Another change involves the use of Diddy, who in the single-player game, is more of a power-up to Donkey Kong than a partner. Diddy grabs onto his uncle's back instead of following the big guy, but you cannot switch between characters as you could in the original series. Instead, Diddy grants Donkey Kong an extra two hits to absorb and a slight rocket-powered boost at the end of jumps -- something that can actually get you into trouble in certain stages when you need to land in a specific spot.
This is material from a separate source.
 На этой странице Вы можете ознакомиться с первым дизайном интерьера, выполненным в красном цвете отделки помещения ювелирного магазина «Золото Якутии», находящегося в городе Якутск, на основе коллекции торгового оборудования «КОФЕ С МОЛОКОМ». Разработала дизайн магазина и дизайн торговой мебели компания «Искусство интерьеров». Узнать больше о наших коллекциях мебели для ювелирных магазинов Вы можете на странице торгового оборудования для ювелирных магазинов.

After absorbing two hits, Diddy goes away and can only be acquired again by smashing on a specially marked crate, usually found after a checkpoint.
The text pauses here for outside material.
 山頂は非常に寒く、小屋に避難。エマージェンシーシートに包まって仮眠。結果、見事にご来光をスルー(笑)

In another curious design decision, Diddy Kong is only playable as a co-op character in the two-player mode, which isn't nearly as fun as it should be. The second player often serves as a distraction in a game that emphasizes precise, quick movements to get through each area in one piece. Since lives are shared between characters, the second player can also quickly end the game if he or she isn't as skilled or as familiar with the levels -- so you can forget about helping little Johnny or Suzie. Sorry guys, you're on your own. There's no competitive mode or multiplayer-specific challenges available, so if you want a platform game to have fun with friends, New Super Mario Bros. is still the top choice on the system.
 


 
Jungle Love

It's not quite perfect, but Donkey Kong Country Returns is a great first effort by Retro Studios at re-establishing a beloved series. Each world offers new experiences, surprises, and challenges, which makes you excited to see what lies in store for the next level or boss encounter. Enemies are tough and varied, often requiring multiple hits and techniques to bring them down. And the constant activity going on in the scenery brings the island and characters to life, so much so that you won't mind revisiting stages to collect everything there is to collect.

If the developers could tighten up the controls, introduce more playable characters, revamp the multiplayer mode, and include more meaningful extras to unlock (outside of artwork or music), future adventures in Donkey Kong Country could easily be discussed in the same breath as a certain mustachioed plumber's famous exploits. For an often underutilized ape, that's something worth beating one's chest over.